Data analysis the use of appropriate methods to analyze large amounts of data collected to help people make decisions and take appropriate actions
- Insurance companies use large amounts of claims data to determine what is likely to be fraudulent
- Alipay automatically adjusts the amount of huabei based on a large number of users’ consumption records and behaviors
- The short video platform pushes favorite videos to users based on users’ clicking and viewing behavior data
3. Why study data analysis
- Job demand
- Is the foundation of Python data science
- It’s the foundation of machine learning
Iv. Realization process of data analysis
- Ask questions
- To prepare data
- Analyze the data
- Get the conclusion
- Visualization of results
5. Set up the data analysis environment
1. Anaconda
-
Download the installation package from www.anaconda.com
-
Note: The installation directory cannot contain Chinese characters and special symbols
Anaconda integrates all the environments needed for data analysis and machine learning
2. Jupyter
- Jupyter is a visual development tool based on Web provided by Anaconda
3. Basic use of Jupyter
-
Start: type jupyter Notebook in the terminal and press Enter
-
Create a New file: New –>> PYTHon3
-
Cell (block of code) has two modes
- Code: Write code
- Markdown: Write notes
-
shortcuts
-
Add cell A or B
-
Delete: x
-
Example Change the cell mode
- Change to MarkDown mode:
m
- Change to code mode:
y
- Change to MarkDown mode:
-
Run shift+ Enter
-
Auto completion: TAB
-
Open the help document: Shift + TAB
-
How to use Python for data analysis
We can’t do data analysis in Python without the following three musketeers
- Numpy
- Pandas
- Matplotlib
Numpy module
- Numerical Python (Numpy) is the basic library for performing scientific calculations in Python. The emphasis is on numerical computation, which is the basis of most of Python’s scientific computation library and is used for numerical operations performed on large, multidimensional arrays.
1. Creation of Numpy
-
Use array() to create a one-dimensional array
- use
array()
Create a multidimensional array
-
Use zero() to create a multidimensional array
-
Use ones() to create a multidimensional array
- use
linspace()
Creates a one-dimensional arithmetic array
-
Use arange() to create a one-dimensional arithmetic array
-
Use random.randint() to create a random multidimensional array
2. Common attributes of Numpy
- shape
- ndim
- size
- dtype
3. Index and slice of Numpy
-
Indexes operate the same way as lists
-
Slicing operation
4. Matrix operations for Numpy
-
Matrix deformation
-
Cascade operation
- Splicing multiple Numpy arrays horizontally or vertically
- Axis Indicates the axial parameter
-
0: column
-
Line 1:
-
-
Common aggregation operations
- sum, max, min, mean
-
Commonly used statistical functions
-
Standard deviation: a measure of the spread of the mean values of a set of data
-
Variance: The variance in statistics is the mean of the square of the difference between each sample and the mean of the entire sample, i.e. Mean ((x-x.bean ())**2. In other words, the standard deviation is the square root of the variance.
-
Pandas module
1. Why are you watching Pandas
Numpy will help us deal with numerical data, while Pandas will help us deal with other types of data.

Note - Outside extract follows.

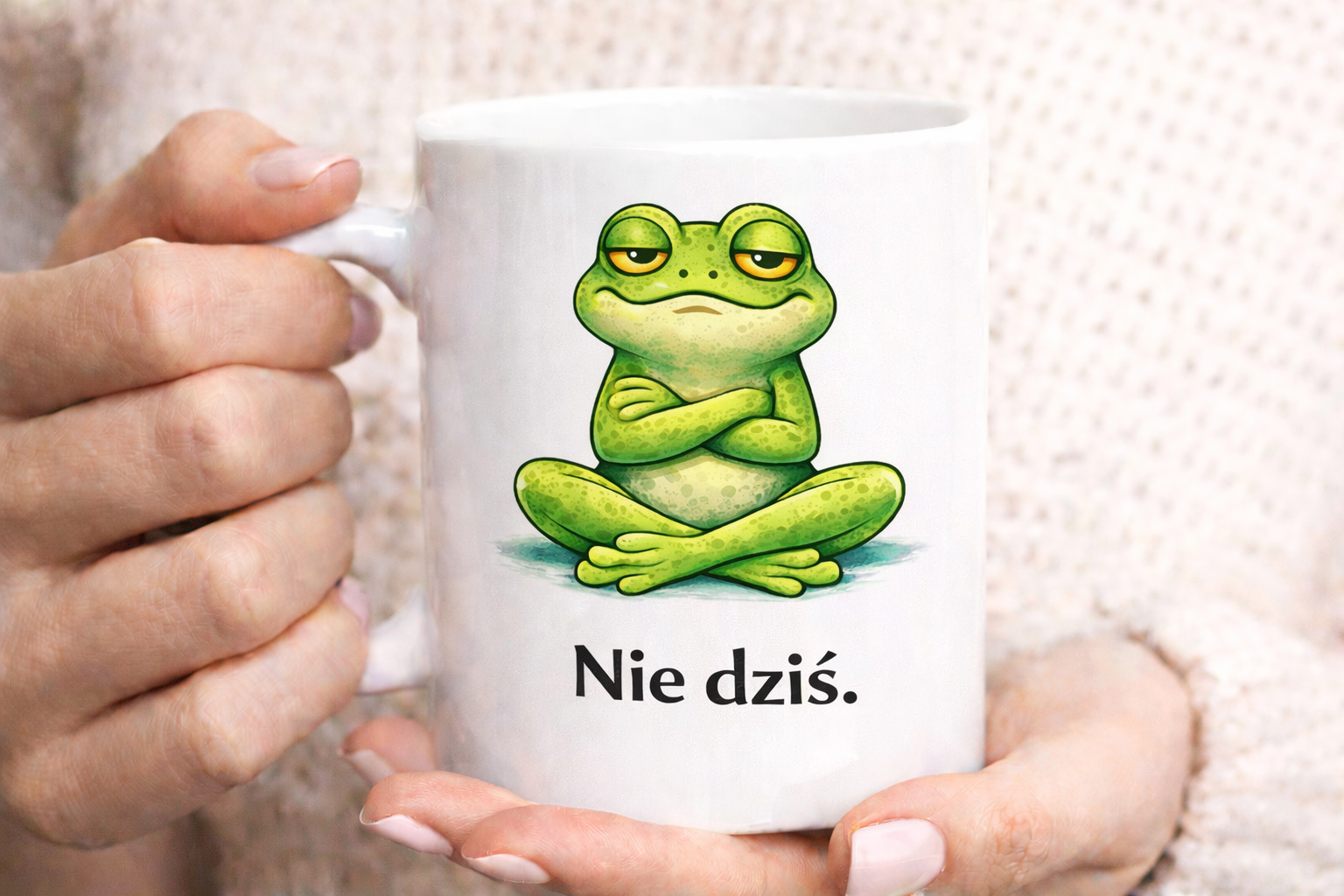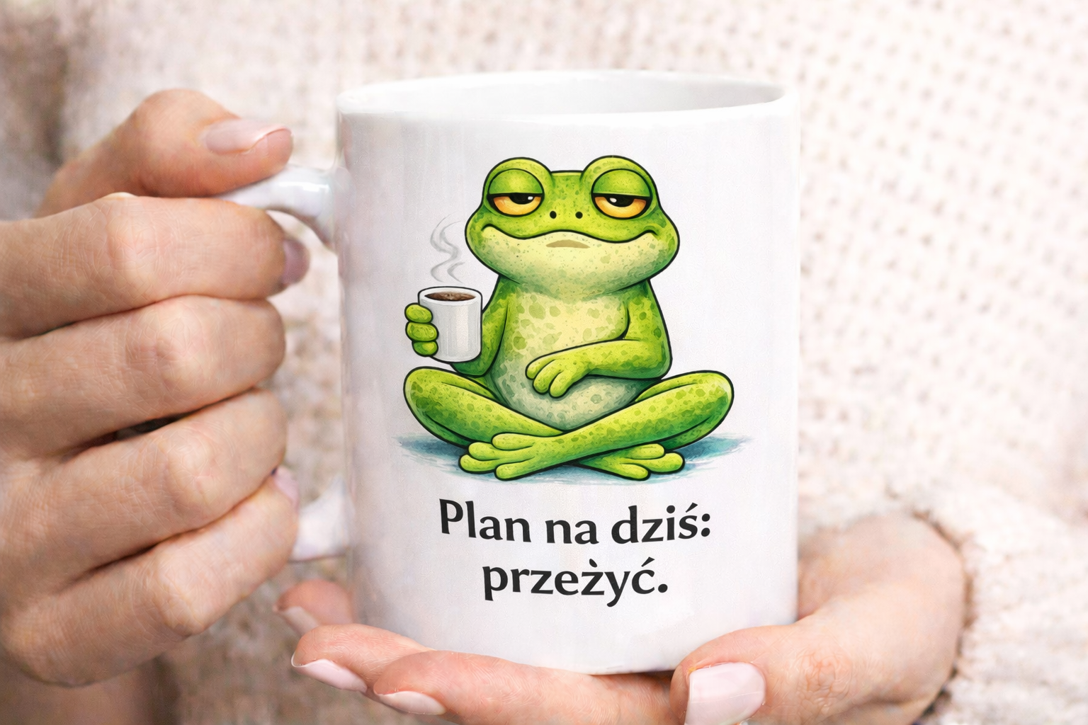 Seria kubków z żabą to zabawne grafiki i teksty, które idealnie oddają codzienne nastroje. Czasem mamy dzień na działanie, a czasem najlepiej pasuje kubek z napisem „Nie dziś” albo „Plan na dziś: przeżyć”.

2. Data structures for Pandas
- Series
- Is an object similar to a one-dimensional array, consisting of the following two parts:
- Values: set of data (ndarray type)
- Index: Indicates the relevant data index label
- Is an object similar to a one-dimensional array, consisting of the following two parts:
- DataFrame
- Is a tabular data structure. It has both row and column indexes.
- Row index: index
- Column index: columns
- Values: values
- Is a tabular data structure. It has both row and column indexes.
3. The Series operation
3.1 Creation of Series
Index is used to specify an explicit index to enhance the readability of Series.
You can also use a dictionary as a data source.
3.2 Series index and slice
3.3 Series common properties
- shape
- size
- index
- values
- dtypes
3.4 Series common methods
head()
.tail()
unique()
isnull()
.notnull()
3.5 Series arithmetic operations
Count elements with the same index otherwise fill in the blanks
4. The DataFrame operation
4.1 Creating a DataFrame
Can be created using ndarray.
You can also use a dictionary as a data source.
Index is used to specify an explicit index to enhance readability of the DataFrame.
4.2 DataFrame index and slice
-
Iloc: Take rows by implicit index
-
Loc: Rows are fetched by an explicit index
-
Slice the rows
-
Slice the column
4.3 DataFrame Common attribute
- shape
- values
- columns
- index
4.4 Common methods for DataFrame
With the Series
4.5 Arithmetic operations for DataFrame
With the Series
4.6 Cascading and Merging DataFrame
Cascade operation
- pd.concat
- pd.append
Next we forged two sets of DataFrame data.
Using pd. Concat ()
- Match the cascade
- Horizontal cascade
- The cascade does not match
- A mismatch is when the dimension and index of the cascade are not consistent. For example, column indexes are inconsistent in vertical cascading mode, and row indexes are inconsistent in horizontal cascading mode.
- There are two ways to connect
- External connection: complement NaN (default mode)
- Inner join: Connect only matched items
PS: You must use parameters if you want to preserve data integrityjoin='outer'
(External connection)
Using pd. Append ()
- The cascading mode can only be vertical, external, and internal (generally not used).
merge
pd.merge()
merge
与concat
The difference is,merge
The merge needs to be based on a common column.- use
pd.merge()
When merging, the column with the same column name is automatically merged as the key. - Note: The order of the elements in each column is not required to be consistent
One-to-one merger
First let’s forge two sets of DataFrame.
Using pd. The merge ()
One to many merge
First let’s forge two sets of DataFrame.
Using pd. The merge ()
Many-to-many merge
First let’s forge two sets of DataFrame.
Using pd. The merge ()
The merge() method can also use the left_on and right_on arguments. The how argument can also specify a different connection mode.
5. Data cleaning based on Pandas
5.1 Why Do YOU Need to Clean Data
- There may be missing values in the original data (null values)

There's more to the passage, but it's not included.